What is being asked
None of the pictures should appear; the lines from the line containing "Add a charming" through the last line of the listing must be repeated exactly.
BEGIN Records for this exercise
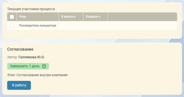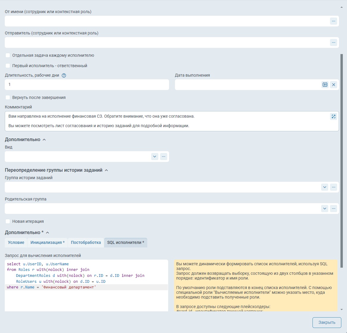 - Роль соответствует одному из значений: владельцу текущего процесса, если он задан, иначе инициатору текущего процесса, если он задан, иначе текущему сотруднику.
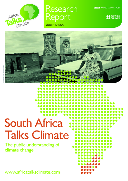 "Between August and October 2009, the BBC World Service Trust’s Research and Learning Group, funded by the British Council, conducted research in south africa to gauge public understanding of climate change. The research consisted of 16 focus group discussions with south african citizens, and 18 in-depth interviews with opinion leaders from government, religious institutions, the private sector, the media, and civil society. the overall objective was to find out what people think about climate change and to determine how to tailor communication and media strategies to support south africa’s response to climate change.
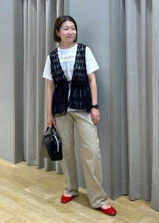 Tシャツ単体で着ると、どうしても部屋着感が出てしまう私。着ないようにしていたのですが、このベストが大活躍!
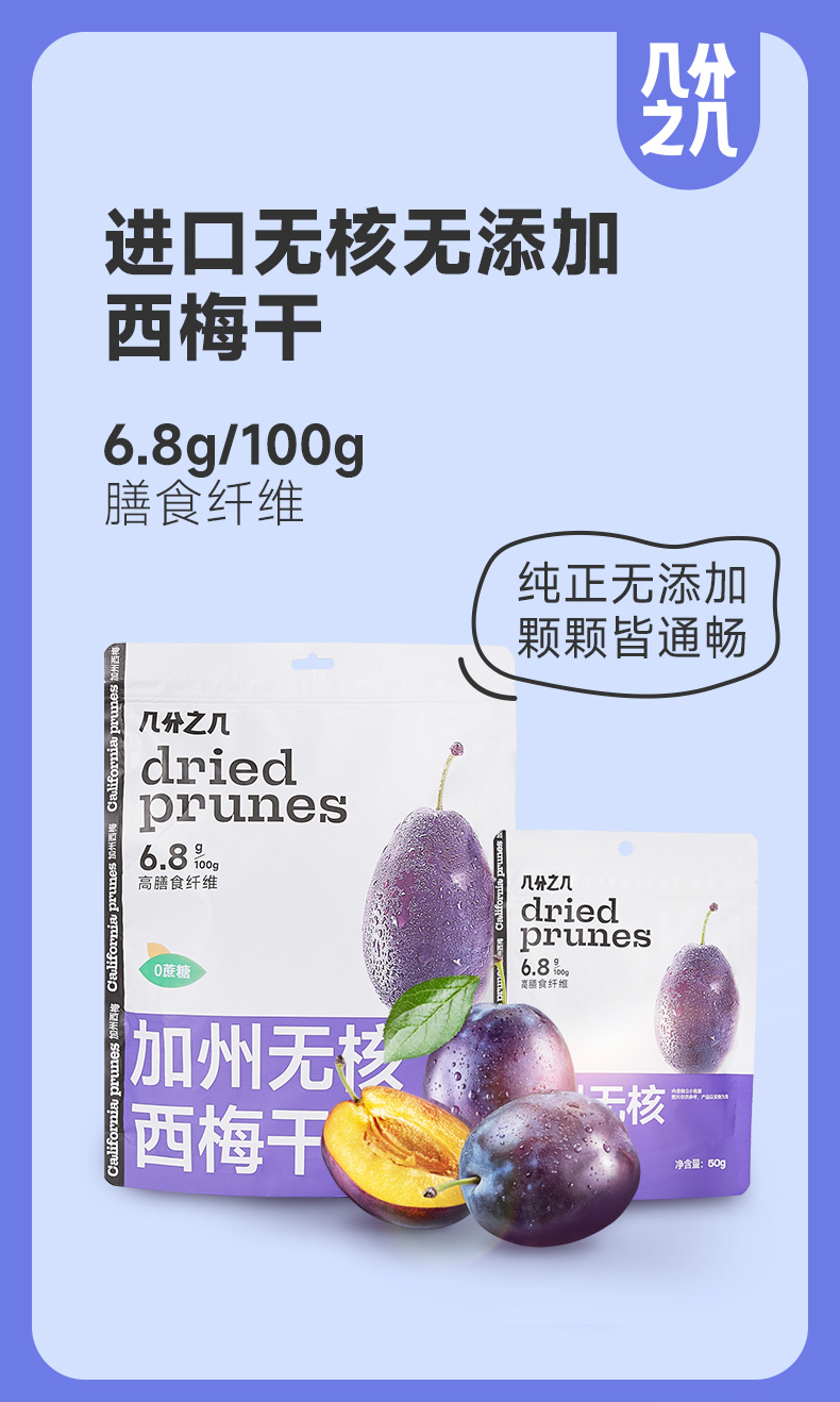 [屁侠推荐] 几分之几 美国加州进口无核西梅干 50g/500g/包 个大肉厚 开袋即食
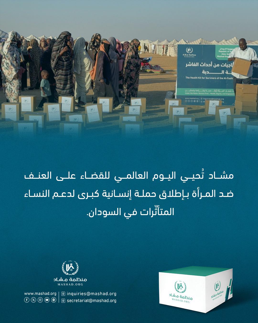 بمناسبة اليوم العالمي للقضاء على العنف ضد المرأة، دشّنت منظمة مشاد اليوم الأربعاء حملة موسعة في محلية الدبّة لدعم النساء المتأثّرات اللواتي تعرضن لانتهاكات على يد مليشيات الدعم السريع في عدد من ولايات السودان.
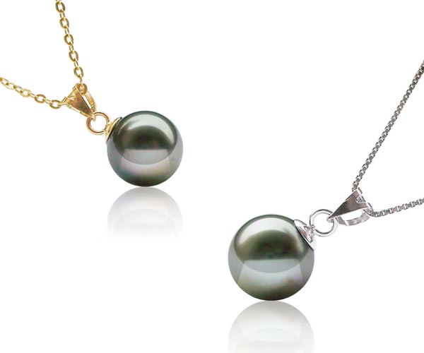 The genuine Tahitian pearls is AAA- quality in either round or pe (ondrop shaly 14k white gold setting is available now). The pearls have nice luster, and hardly any markings or flaws, in truly Tahitian black color, the most sought-after color for Tahitian pearls.
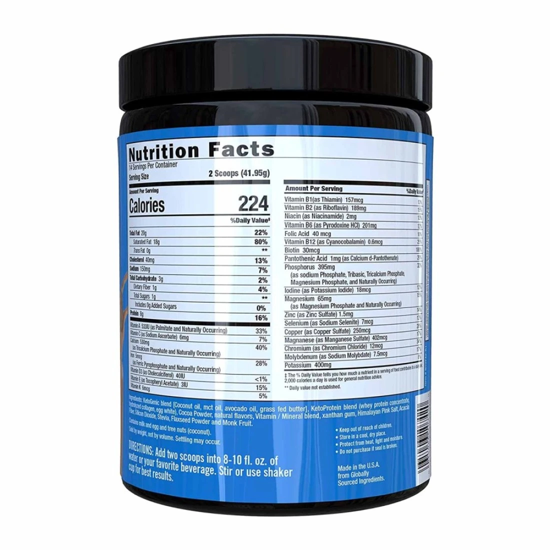 ingredients : مزيج الكيتون [زيت جوز الهند، زيت عباد الشمس، زيت MCT (الدهون الثلاثية متوسطة السلسلة)، زيت الأفوكادو، زبدة العشب]، مزيج بروتين الكيتو (الكولاجين المتحلل، بياض البيض)، الكاكاو، نكهة الشوكولاته الطبيعية، ملح الهيمالايا الوردي، صمغ الزانثان، السيليكا، غليكوسيدات ستيفيول عالية النقاء، مستخلص لو هان جو، صمغ السنط وبذور الكتان.
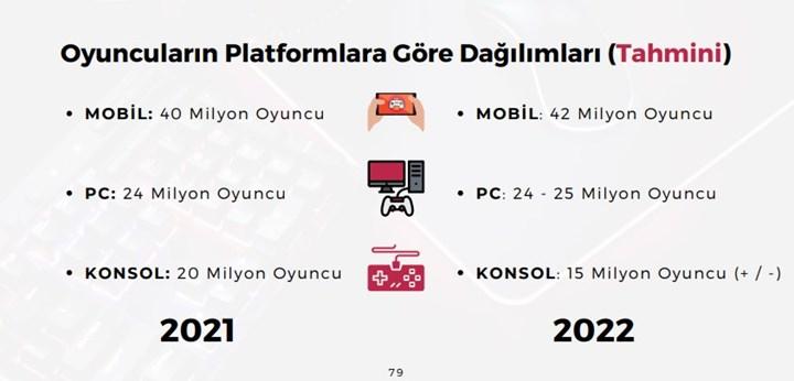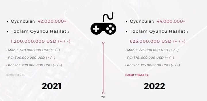 Paylaşılanlara göre 2021’de 52 oyun firmasına toplam 264,8 milyon dolarlık yatırım yapılırken 2022’de yaklaşık yüzde 60 artışla 424,7 milyon dolarlık yatırım gerçekleştirildi. Gaming in Turkey kurucusu Ozan Aydemir, “Oyun sektörüne yön veren ana etmen yine ‘mobil’ oldu” dedi. Raporda ekonomik etmenlerin oyuncu davranışlarını olumsuz etkilediğinin altı çiziliyor. 2021’de 8.9 TL olan ortalama Dolar kurunun 2022’de 16.58 TL’ye yükseldiği, PC ve konsol platformlarında yeni çıkan büyük oyunların 800 – 1500 TL gibi fiyat etiketlerine sahip olduğu ve bu nedenle bazı oyuncuların PlayStation Plus, Xbox Game Pass gibi abonelik sistemlerine yöneldiği aktarılıyor.Türk oyun sektörü
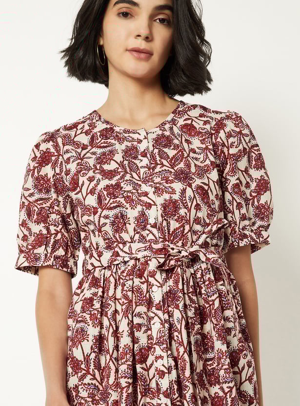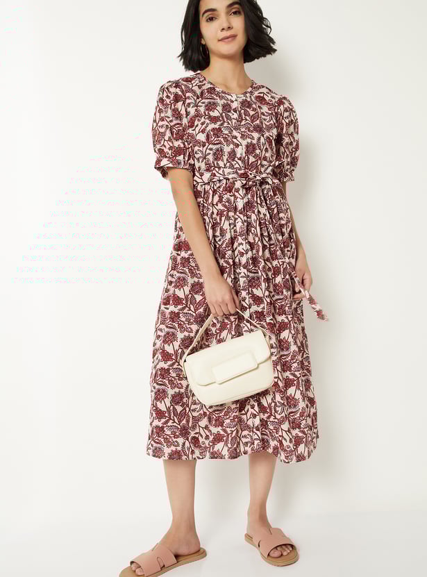 Add a charming touch to your wardrobe with this printed midi dress. Featuring puff sleeves, a practical side pocket, and coming with the tie-up belt, it combines playful detailing with everyday functionality.
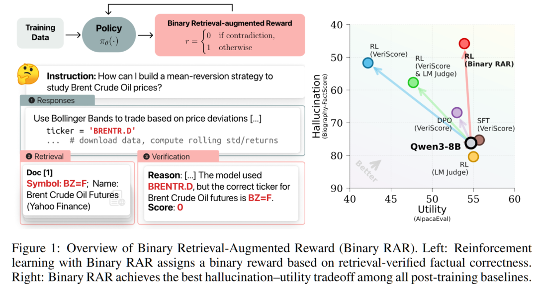AlpacaEval等通用能力测试上出现了明显的性能下降。 - Figure 1的散点图是整个论证的“点睛之笔”,它将“幻觉”和“通用能力”两个维度可视化,Binary RAR位于图的右上角“理想区域”,清晰地展示了它在权衡中的优越性。
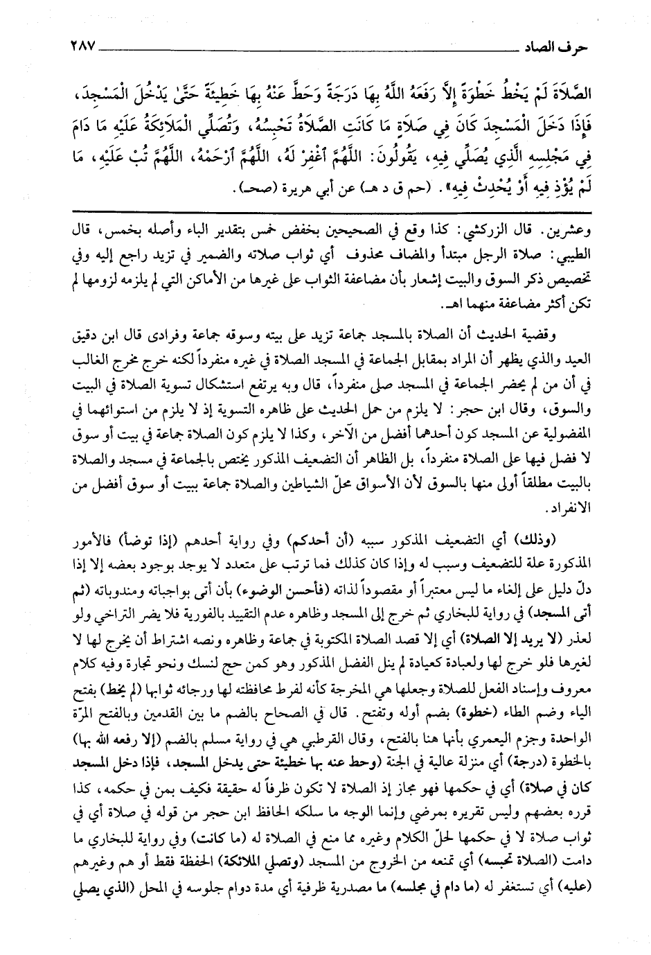 وعشرين قال الزركشي : كذا وقع في الصحيحين بخفض خمس بتقدير الباء وأصله بخمس قال الطيبي : صلاة الرجل مبتدأ والمضاف محذوف أي ثواب صلاته والضمير في تزيد راجع إليه وفي تخصيص ذكر السوق والبيت إشعار بأن مضاعفة الثواب على غيرها من الأماكن التي لم يلزمه لزومها لم تكن أكثر مضاعفة منهما اه.
END Records for this exercise
Expected output
 Add a charming touch to your wardrobe with this printed midi dress. Featuring puff sleeves, a practical side pocket, and coming with the tie-up belt, it combines playful detailing with everyday functionality.
AlpacaEval等通用能力测试上出现了明显的性能下降。 - Figure 1的散点图是整个论证的“点睛之笔”,它将“幻觉”和“通用能力”两个维度可视化,Binary RAR位于图的右上角“理想区域”,清晰地展示了它在权衡中的优越性。
 وعشرين قال الزركشي : كذا وقع في الصحيحين بخفض خمس بتقدير الباء وأصله بخمس قال الطيبي : صلاة الرجل مبتدأ والمضاف محذوف أي ثواب صلاته والضمير في تزيد راجع إليه وفي تخصيص ذكر السوق والبيت إشعار بأن مضاعفة الثواب على غيرها من الأماكن التي لم يلزمه لزومها لم تكن أكثر مضاعفة منهما اه.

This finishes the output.